— About this task —
Go through the records and extract every line with the word "includes".

— Excerpted data —

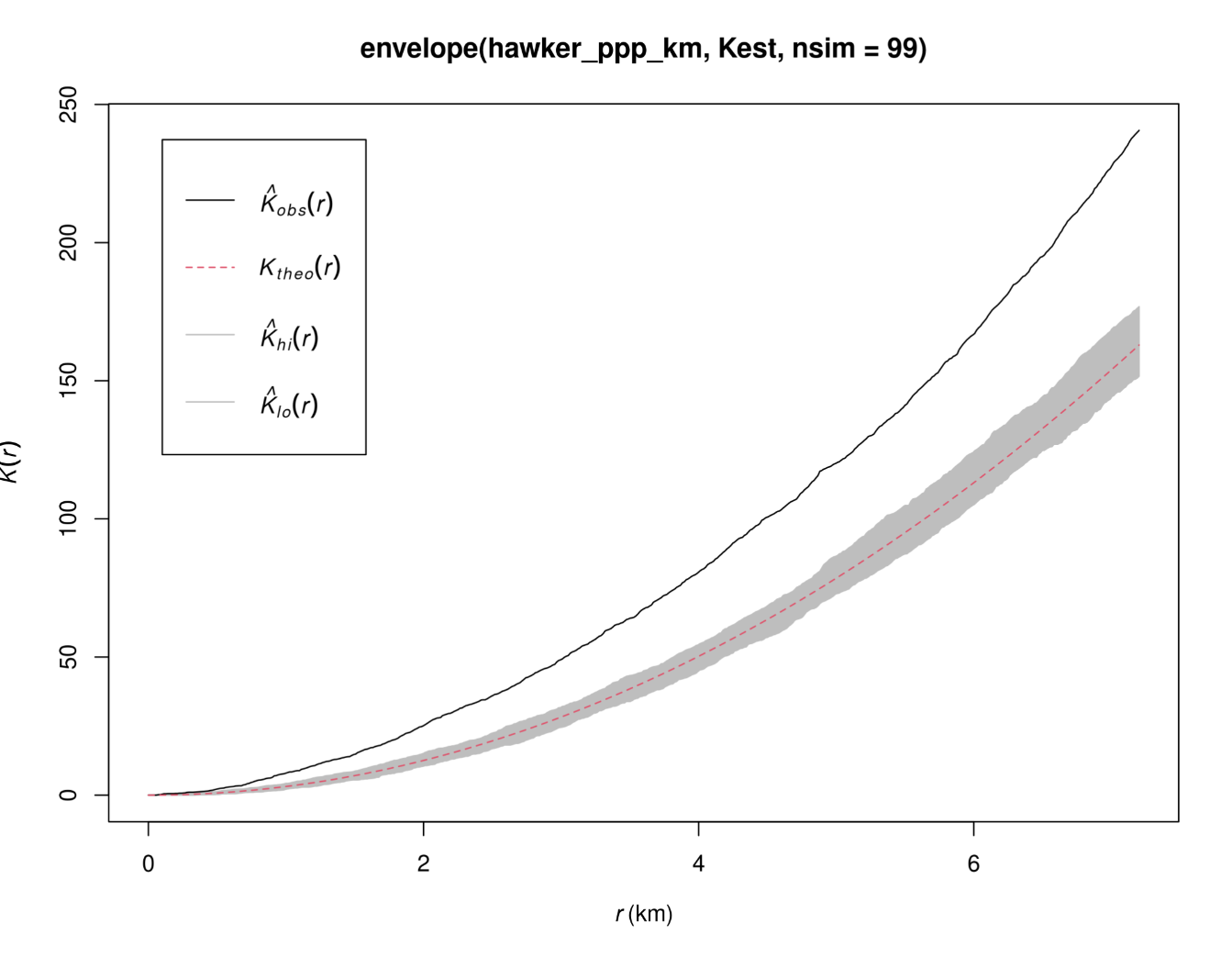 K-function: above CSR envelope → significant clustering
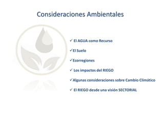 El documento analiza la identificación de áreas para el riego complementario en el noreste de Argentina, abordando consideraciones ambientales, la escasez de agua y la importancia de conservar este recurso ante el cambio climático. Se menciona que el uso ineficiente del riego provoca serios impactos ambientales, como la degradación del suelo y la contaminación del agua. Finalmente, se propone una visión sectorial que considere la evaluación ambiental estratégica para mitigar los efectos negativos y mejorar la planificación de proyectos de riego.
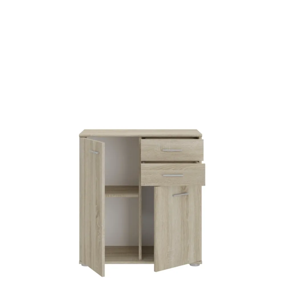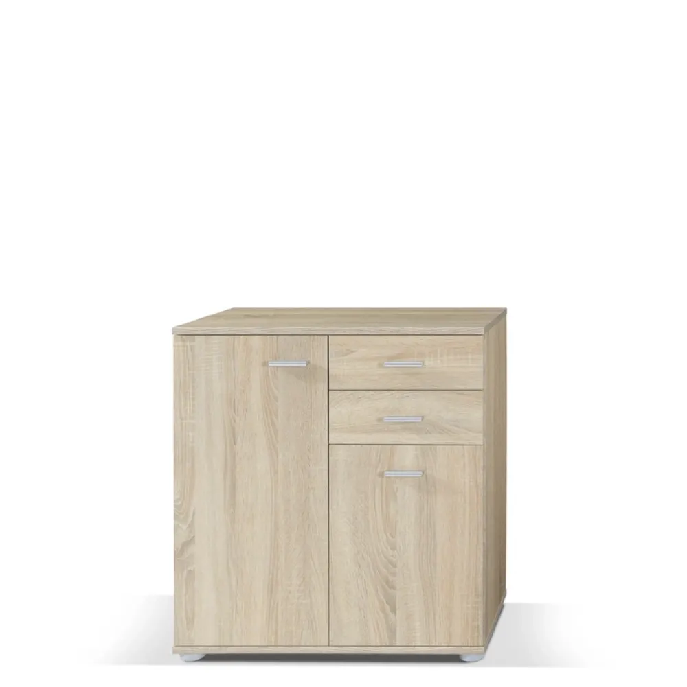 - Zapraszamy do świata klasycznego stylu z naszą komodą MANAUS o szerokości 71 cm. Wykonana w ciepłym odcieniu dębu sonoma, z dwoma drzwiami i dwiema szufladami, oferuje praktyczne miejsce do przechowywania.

* * *

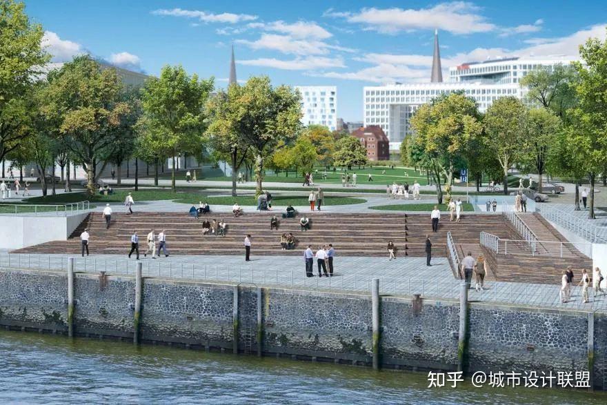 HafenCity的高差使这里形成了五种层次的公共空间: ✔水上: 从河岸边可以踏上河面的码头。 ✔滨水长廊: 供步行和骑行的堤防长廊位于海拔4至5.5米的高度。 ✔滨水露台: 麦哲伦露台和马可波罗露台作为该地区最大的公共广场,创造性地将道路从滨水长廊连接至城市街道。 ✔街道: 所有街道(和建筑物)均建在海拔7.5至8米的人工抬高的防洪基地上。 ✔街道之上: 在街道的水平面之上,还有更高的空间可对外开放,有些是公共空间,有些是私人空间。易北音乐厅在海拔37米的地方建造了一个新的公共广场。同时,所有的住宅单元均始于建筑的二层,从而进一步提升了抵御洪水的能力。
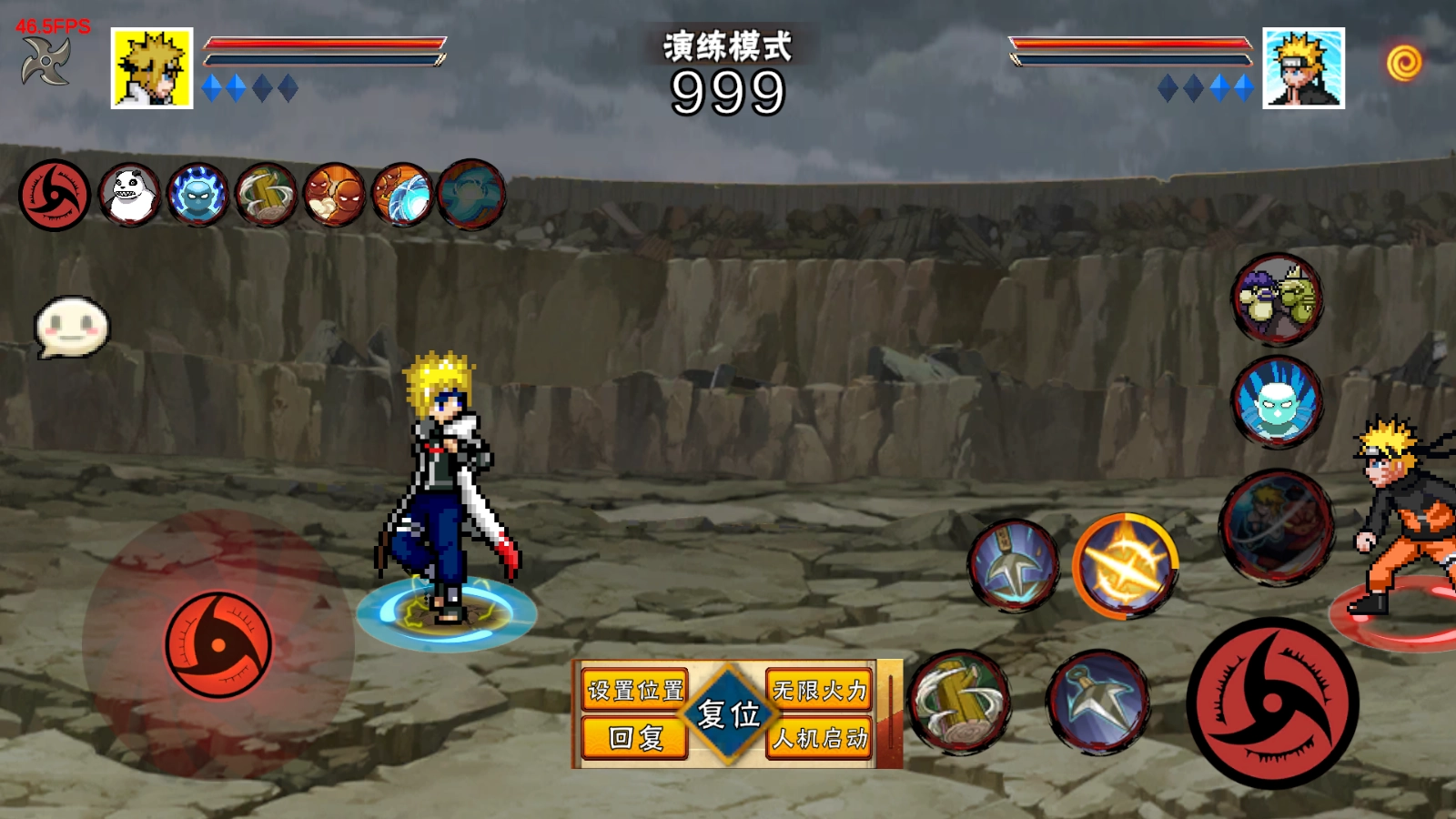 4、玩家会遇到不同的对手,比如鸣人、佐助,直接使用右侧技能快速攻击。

* * *

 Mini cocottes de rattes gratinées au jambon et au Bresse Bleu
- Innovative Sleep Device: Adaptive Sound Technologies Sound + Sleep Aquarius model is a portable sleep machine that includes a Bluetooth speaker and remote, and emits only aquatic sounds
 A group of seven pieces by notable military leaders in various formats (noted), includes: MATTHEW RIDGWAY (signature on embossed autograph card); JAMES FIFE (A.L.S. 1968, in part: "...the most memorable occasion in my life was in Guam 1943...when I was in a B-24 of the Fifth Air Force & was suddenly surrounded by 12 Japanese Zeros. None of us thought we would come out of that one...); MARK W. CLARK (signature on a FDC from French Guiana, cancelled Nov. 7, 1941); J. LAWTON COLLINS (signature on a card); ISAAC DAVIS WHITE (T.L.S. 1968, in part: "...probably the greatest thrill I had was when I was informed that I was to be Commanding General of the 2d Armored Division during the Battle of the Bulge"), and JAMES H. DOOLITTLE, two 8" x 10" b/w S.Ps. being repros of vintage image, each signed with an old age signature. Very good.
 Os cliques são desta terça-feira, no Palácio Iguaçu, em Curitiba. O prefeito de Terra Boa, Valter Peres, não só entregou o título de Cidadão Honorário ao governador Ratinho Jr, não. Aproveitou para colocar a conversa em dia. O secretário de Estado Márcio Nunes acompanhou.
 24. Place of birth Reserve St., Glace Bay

— Finished exercise —
- Innovative Sleep Device: Adaptive Sound Technologies Sound + Sleep Aquarius model is a portable sleep machine that includes a Bluetooth speaker and remote, and emits only aquatic sounds
 A group of seven pieces by notable military leaders in various formats (noted), includes: MATTHEW RIDGWAY (signature on embossed autograph card); JAMES FIFE (A.L.S. 1968, in part: "...the most memorable occasion in my life was in Guam 1943...when I was in a B-24 of the Fifth Air Force & was suddenly surrounded by 12 Japanese Zeros. None of us thought we would come out of that one...); MARK W. CLARK (signature on a FDC from French Guiana, cancelled Nov. 7, 1941); J. LAWTON COLLINS (signature on a card); ISAAC DAVIS WHITE (T.L.S. 1968, in part: "...probably the greatest thrill I had was when I was informed that I was to be Commanding General of the 2d Armored Division during the Battle of the Bulge"), and JAMES H. DOOLITTLE, two 8" x 10" b/w S.Ps. being repros of vintage image, each signed with an old age signature. Very good.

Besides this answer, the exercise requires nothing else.